Die im Juni 2017 in Italien geborene Klägerin reiste mit ihrer Mutter 2018 nach Deutschland ein. Den für sie gestellten Asylantrag lehnte das Bundesamt für Migration und Flüchtlinge ab und stellte dabei fest, dass Abschiebungsverbote nicht vorlägen. Das Verwaltungsgericht Münster hat der hiergegen erhobenen Klage teilweise stattgegeben und die Bundesrepublik verpflichtet, zugunsten der Klägerin ein Abschiebungsverbot wegen der drohenden Malariagefahr festzustellen. Die Berufung des Bundesamts beim Oberverwaltungsgericht hatte Erfolg.
Zur Begründung hat der 19. Senat im Wesentlichen ausgeführt: Die im maßgeblichen Zeitpunkt der Berufungsentscheidung mehr als zweieinhalbjährige Klägerin habe keinen Anspruch auf Feststellung eines Abschiebungsverbots. Die allgemein drohende Gefahr einer Malaria-Erkrankung sei nicht hinreichend wahrscheinlich. Zwar sei Nigeria ganzjährig und flächendeckend ein Hochrisikogebiet für Erkrankungen an Malaria, die unbehandelt einen schweren bis tödlichen Verlauf nehmen könne.
Kinder bis zu fünf Jahren seien wegen der noch nicht vollständigen Ausbildung ihres Immunsystems besonders gefährdet. Auch verfügten in Europa geborene und aufgewachsene Kinder nicht über eine Teilimmunität, die ansonsten in der Kindheit erworben werde und einen gewissen Schutz gegen einen schweren, gegebenenfalls zum Tode führenden Verlauf der Malaria bewirke.

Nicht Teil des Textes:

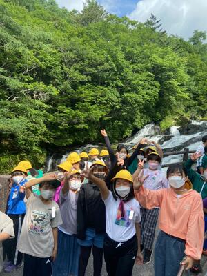 林間学校、3つめの滝に着きました。それぞれ異なる滝を見学してきています。
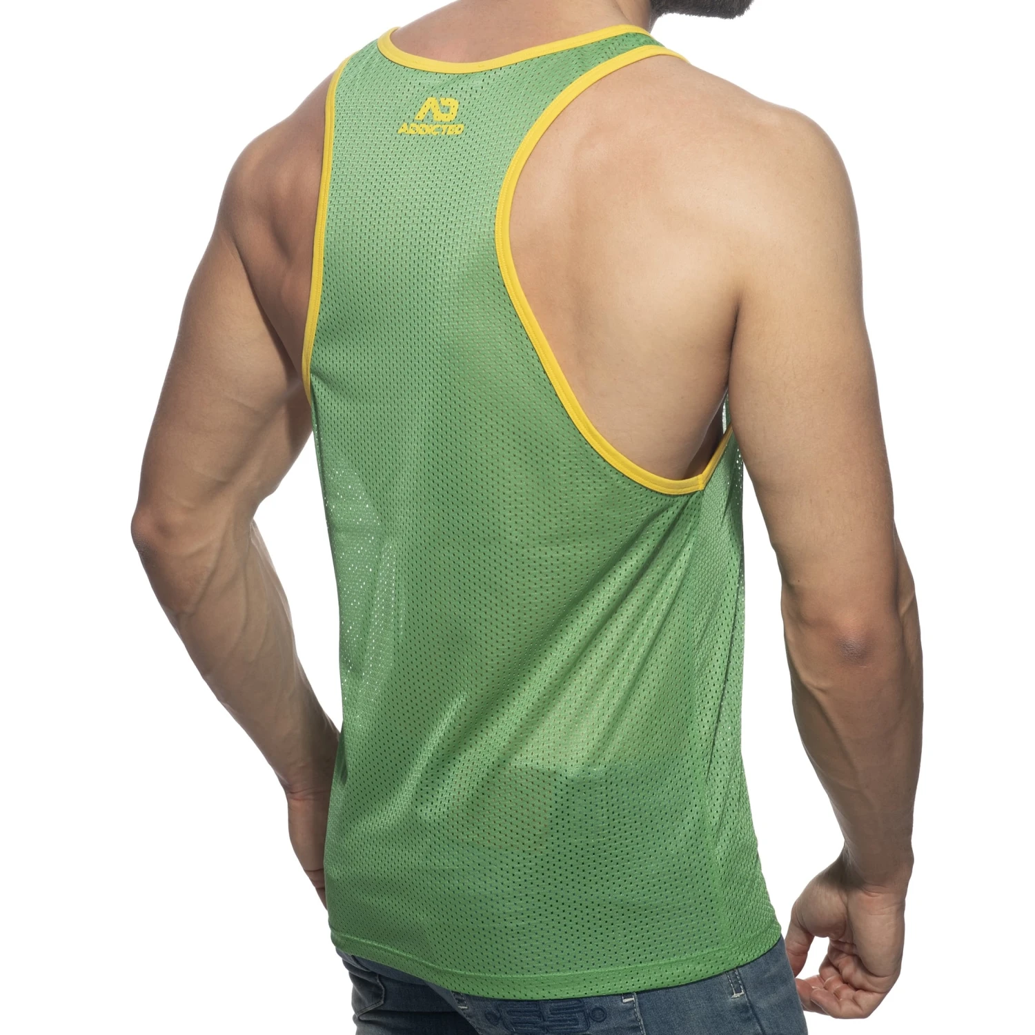 Débardeur léger et respirant en résille perforée. Bordures contrastées. Dos nageur. Logo Addicted imprimé sur la poitrine et le haut du dos.
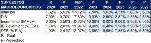 Tabla 1 Datos tomados de: Proyecciones macroeconómicas informes Bancolombia, BTG Pactual, otros. Elaboración Propia
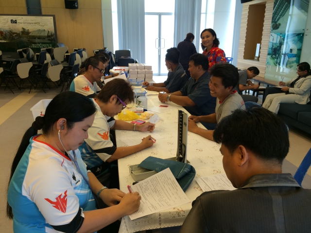 Social Responsibility - The employees of Pimai Salt Co.,Ltd. and business partner (40 persons) have joined to blood donated at reception room of Pimai Salt Co.,Ltd. For given Phimai Hospital, Nakhonratchasima, total 17,400 CC. on April 9, 2015.
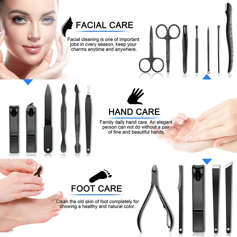 Наш набор для стрижки ногтей содержит 18 инструментов для удовлетворения всех ваших потребностей в уходе за руками, заботе о лице и ногах.
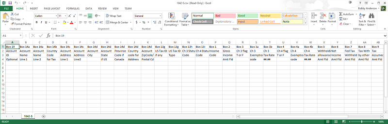 We provide spreadsheet templates for the 1042-S or any of the 1099 forms. However, you are not required to use those. The import process consists of mapping a spreadsheet by entering which columns are to be imported. Mapping is provided automatically for the provided templates. If you are not using the templates, for your existing spreadsheet, is not necessary to delete columns not used in the import process and no need to put the columns in a specific sequence.
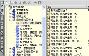 1.打开超星阅览器,点击“资源”耳朵,可以从左侧的“数字图书馆”站点中看到最新的图书分类。展开分类直到右侧书名窗口显示书名。
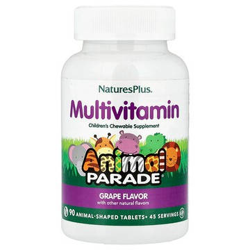 NaturesPlus, Animal Parade®,兒童咀嚼多維生素補劑,葡萄味,90 片動物狀片劑
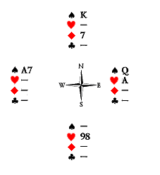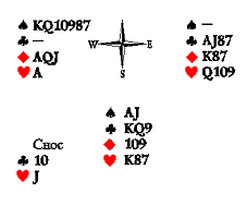 Запад не может препятствовать Северу получить взятку на козырного короля. Если он поставит туза пик, Север снесёт бубну; а козырную семёрку — надобьёт.

Dies führe für aus Europa nach Nigeria zurückkehrende Kleinkinder jedoch nicht zur Annahme einer Extremgefahr, die für die Feststellung eines Abschiebungsverbots hier erforderlich sei. Der Senat hat die Gefahr, sich mit Malaria zu infizieren und daran zu sterben oder einen schweren Gesundheitsschaden davonzutragen, auf der Grundlage aktueller Erkenntnisse nach Art, Ausmaß und Intensität bewertet.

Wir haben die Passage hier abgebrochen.